=== Begin Enclosure ===

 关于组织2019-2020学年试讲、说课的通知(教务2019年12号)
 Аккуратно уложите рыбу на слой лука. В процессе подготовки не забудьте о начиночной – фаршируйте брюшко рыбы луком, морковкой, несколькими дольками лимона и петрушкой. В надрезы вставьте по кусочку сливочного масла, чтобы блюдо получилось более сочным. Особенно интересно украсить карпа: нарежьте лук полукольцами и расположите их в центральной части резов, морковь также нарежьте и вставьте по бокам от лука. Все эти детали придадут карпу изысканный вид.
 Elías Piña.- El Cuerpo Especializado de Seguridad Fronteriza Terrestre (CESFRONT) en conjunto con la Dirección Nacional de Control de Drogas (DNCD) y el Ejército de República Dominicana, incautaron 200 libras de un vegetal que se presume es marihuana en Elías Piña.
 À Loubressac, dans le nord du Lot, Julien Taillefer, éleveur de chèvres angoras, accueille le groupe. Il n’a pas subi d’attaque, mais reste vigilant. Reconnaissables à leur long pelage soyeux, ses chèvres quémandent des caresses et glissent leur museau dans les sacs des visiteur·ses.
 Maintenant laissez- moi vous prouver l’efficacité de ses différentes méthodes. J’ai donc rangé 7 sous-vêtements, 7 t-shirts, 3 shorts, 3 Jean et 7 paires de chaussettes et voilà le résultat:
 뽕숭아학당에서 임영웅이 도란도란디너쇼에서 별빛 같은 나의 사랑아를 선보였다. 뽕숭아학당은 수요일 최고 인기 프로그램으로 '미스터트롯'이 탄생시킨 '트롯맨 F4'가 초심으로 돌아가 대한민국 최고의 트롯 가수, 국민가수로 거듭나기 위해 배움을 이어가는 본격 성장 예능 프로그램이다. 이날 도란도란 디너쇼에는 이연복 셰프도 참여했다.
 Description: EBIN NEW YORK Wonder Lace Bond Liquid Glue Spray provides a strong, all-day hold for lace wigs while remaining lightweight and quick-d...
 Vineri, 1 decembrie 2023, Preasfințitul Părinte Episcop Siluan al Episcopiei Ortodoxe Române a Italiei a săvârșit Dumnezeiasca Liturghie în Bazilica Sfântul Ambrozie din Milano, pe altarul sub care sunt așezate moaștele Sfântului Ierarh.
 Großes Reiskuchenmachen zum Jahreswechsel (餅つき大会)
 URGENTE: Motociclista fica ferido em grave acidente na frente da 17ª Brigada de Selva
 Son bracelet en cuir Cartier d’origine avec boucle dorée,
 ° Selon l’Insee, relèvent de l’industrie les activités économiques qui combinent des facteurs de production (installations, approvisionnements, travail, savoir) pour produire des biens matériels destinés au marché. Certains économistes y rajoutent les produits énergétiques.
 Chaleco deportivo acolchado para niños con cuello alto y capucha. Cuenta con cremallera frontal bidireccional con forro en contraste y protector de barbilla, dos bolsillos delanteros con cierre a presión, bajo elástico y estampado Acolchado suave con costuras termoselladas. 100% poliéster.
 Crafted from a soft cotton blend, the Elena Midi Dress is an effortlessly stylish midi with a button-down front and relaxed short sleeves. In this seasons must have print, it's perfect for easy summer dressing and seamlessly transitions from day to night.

=== End Enclosure ===

* TO DO *
Among the entries above, find the line with "Großes Reiskuchenmachen zum" and the line with "Son bracelet en"; give again exactly these two lines and all lines between them.

* RESULT OF THE EXERCISE *
 Großes Reiskuchenmachen zum Jahreswechsel (餅つき大会)
 URGENTE: Motociclista fica ferido em grave acidente na frente da 17ª Brigada de Selva
 Son bracelet en cuir Cartier d’origine avec boucle dorée,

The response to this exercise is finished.